Le domaine relatif à l'administration de la justice vise l'assistance apportée à une autorité judiciaire. Un cabinet d'avocats n'est pas une autorité judiciaire : il représente une partie. Un système qui l'assiste dans la préparation d'écritures ne remplit donc pas, en principe, la fonction visée par ce point de l'annexe.

Cette réponse mérite d'être établie plutôt que supposée, et pour une raison pratique : elle sera demandée. Un client, un assureur ou une autorité pourront interroger le cabinet sur sa position, et disposer d'une analyse datée vaut mieux qu'une conviction partagée.

Une seconde raison milite pour établir cette position dès maintenant : elle conditionne les choix d'équipement. Un cabinet qui conclurait relever du régime devrait exiger de son fournisseur une documentation technique et une évaluation de conformité, ce qui restreint considérablement le champ des solutions disponibles et modifie le calendrier d'un déploiement.

Trancher la qualification avant de choisir un outil est donc l'ordre logique, et c'est l'inverse de ce qui se pratique.

Les usages internes qui posent question

Le risque de qualification ne se situe pas là où les cabinets le cherchent. Il se situe dans les usages internes, où un cabinet agit comme n'importe quel employeur.

Un dispositif intervenant dans le tri des candidatures, dans l'évaluation des collaborateurs ou dans les décisions d'affectation relève du domaine de l'emploi. La question se pose alors dans les mêmes termes que pour toute entreprise, et elle se pose y compris lorsque le dispositif est un module d'un logiciel de gestion des ressources humaines que personne n'a identifié comme un système d'IA.

Un cas voisin mérite d'être signalé : les dispositifs employés par le cabinet pour le compte d'un client, par exemple dans une enquête interne portant sur des salariés. La qualification se pose alors sur un terrain différent, et elle engage aussi le client.

C'est la raison pour laquelle l'inventaire des usages précède la qualification : on ne qualifie pas ce qu'on ne sait pas utiliser.

Le risque de qualification ne se situe pas dans la production juridique. Il se situe dans les usages internes que personne n'a inventoriés.

Ce que la qualification déclenche si elle est positive

Il vaut la peine de savoir ce qui se trouve derrière une réponse positive, parce que cela mesure l'enjeu de la question.

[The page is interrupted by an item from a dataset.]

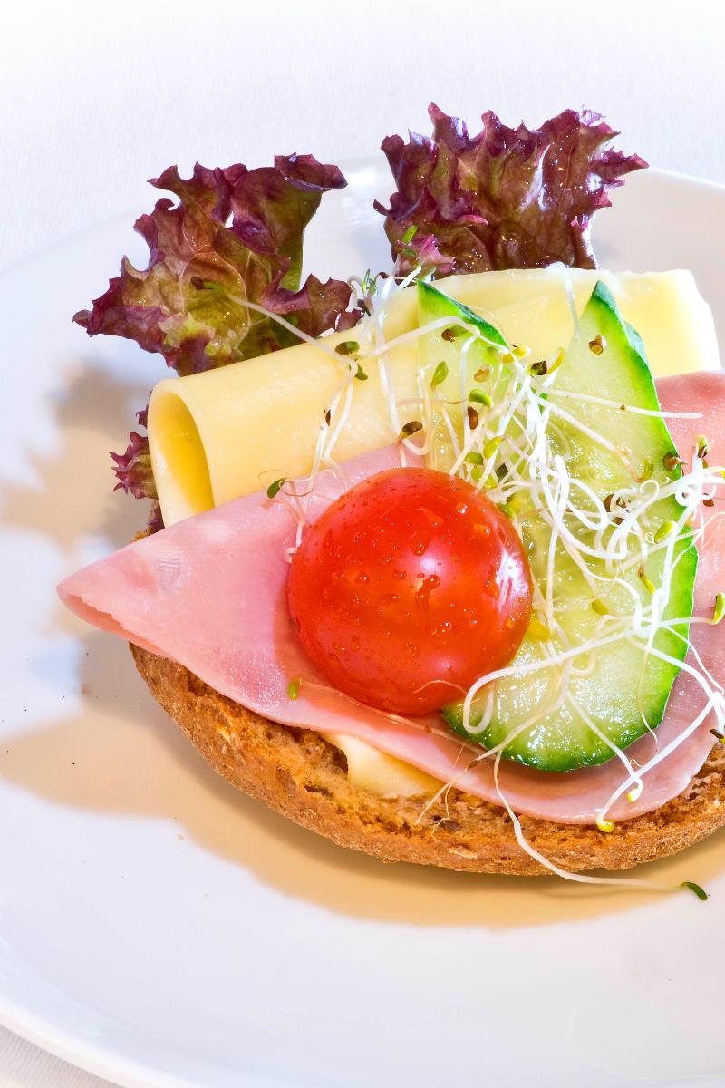 Vårt halve rundstykke (grovt) smøres med smør, salat, ost, skinke, agurk, tomat og alfalfaspirer. Skriv en kommentar om det ønskes glutenfri variant eller andre tilpasninger.

Le déployeur d'un système à haut risque doit notamment utiliser le système conformément à sa notice, assurer une supervision humaine par des personnes compétentes, conserver les journaux générés, surveiller le fonctionnement et signaler les incidents graves.

S'y ajoute une exigence d'information des personnes concernées lorsque le système intervient dans une décision les affectant, ce qui vise directement les usages internes évoqués plus loin.

Ce sont des obligations de déployeur, plus légères que celles du fournisseur, et elles supposent malgré tout une organisation : quelqu'un doit être désigné, formé, et des traces doivent être conservées pendant une durée déterminée. Aucune de ces exigences n'est hors de portée d'un cabinet, et aucune ne se met en place en trois semaines.

Pourquoi la réponse doit être écrite et datée

Une qualification n'a de valeur que si l'on peut établir quand elle a été faite, sur quel périmètre et au regard de quel état du texte.

C'est la même exigence que celle qui s'applique à toute analyse juridique : une conclusion sans date ni périmètre n'est pas opposable, y compris à soi-même.

Un document de 1–2 pages suffit : la liste des usages recensés, la qualification retenue pour chacun, le motif, la date, et le nom de la personne qui l'a établie. Ce document sera à reprendre lorsque le périmètre des usages changera, ce qui arrivera.

Sa rédaction gagne à mentionner ce qui a été examiné et écarté, et non seulement ce qui a été retenu. Un usage examiné puis jugé hors champ doit apparaître comme tel : c'est ce qui distingue une analyse d'un oubli, et la distinction sera faite par quiconque relira le document.

Il a une seconde utilité, moins évidente. Le jour où un usage nouveau apparaît dans le cabinet, la question de sa qualification se pose immédiatement plutôt que d'attendre la prochaine échéance, parce qu'un cadre existe pour l'accueillir.

Cet article expose l'état du droit à sa date de révision. Il ne constitue pas une consultation et ne se substitue pas à l'analyse d'un professionnel sur une situation déterminée.